As mentioned, to assess the competition between splicing and degradation, the ACT1-CUP1 reporter construct was used. This construct contains an intron that is typically spliced out unless there is a splicing mutation (present in plasmids pJU97 and pJU98). Primer extension analysis will reveal three types of products of differing lengths. There will be a long product corresponding to the pre-mRNA that has an intron along with the exons. An intermediate product would be the mature mRNA with the intron splice out. The third and shortest product, found in the mutant constructs, is the intron-branch point (IBP). A lariat structure forms in the mutant as the intron gets spliced out, but will stall in plasmids with a splice site mutation. The primer extension product extends from the first exon and halts at the lariat resulting in a shortened product.

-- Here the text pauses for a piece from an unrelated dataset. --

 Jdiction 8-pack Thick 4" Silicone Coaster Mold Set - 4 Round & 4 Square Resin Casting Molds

To assess the contributions to pre-mRNA degradation, the authors blocked exonuclease activity. The BEL1 gene produces a snoRNA after the BEL1 intron is spliced out. If the BEL1 with the snoRNA was subjected to exoribonucleic activity from either the 3' or 5' end we would see degradation intermediates as seen in figure 1. The intronic snoRNA would stall pre-mRNA degradation resulting in accumulation of intermediates whose degradation had not been blocked.

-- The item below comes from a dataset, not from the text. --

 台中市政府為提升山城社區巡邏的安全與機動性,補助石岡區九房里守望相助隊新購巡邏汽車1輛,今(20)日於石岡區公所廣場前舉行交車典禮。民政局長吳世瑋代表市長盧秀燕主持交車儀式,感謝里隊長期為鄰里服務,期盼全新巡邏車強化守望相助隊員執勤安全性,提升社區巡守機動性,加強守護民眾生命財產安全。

Finally, to assess the regulation of the nuclear exosome, the authors grew up yeast strains on different media and then probed the RNA as before. The results of this experiment and all the other experiments will be discussed further in the following section.

Results and Discussion
The first experiment in this paper looked at whether pre-mRNA is occurring in the yeast cell and if it involves a component of the exosome. The total RNA in the yeast cell was electrophoresed and transferred to Hybond. The mutant strain (GAL::rrp41) has the Rrp41p component not expressed when grown in the RS medium. When probed for various RNAs we see a 5 to 8 fold accumulation of pre-mRNA's in the mutant compared to the wild-type yeast (fig 2). There is also an increase in mature mRNA levels between the wild type and mutant stains as well. This suggests that since there are increased pre-mRNA levels, then more transcripts must be getting into the cytoplasm and subsequently transcribed. As well, there are differences in RNA levels between RNA transcripts suggesting that the exosome may degrade certain transcripts more efficiently than others may.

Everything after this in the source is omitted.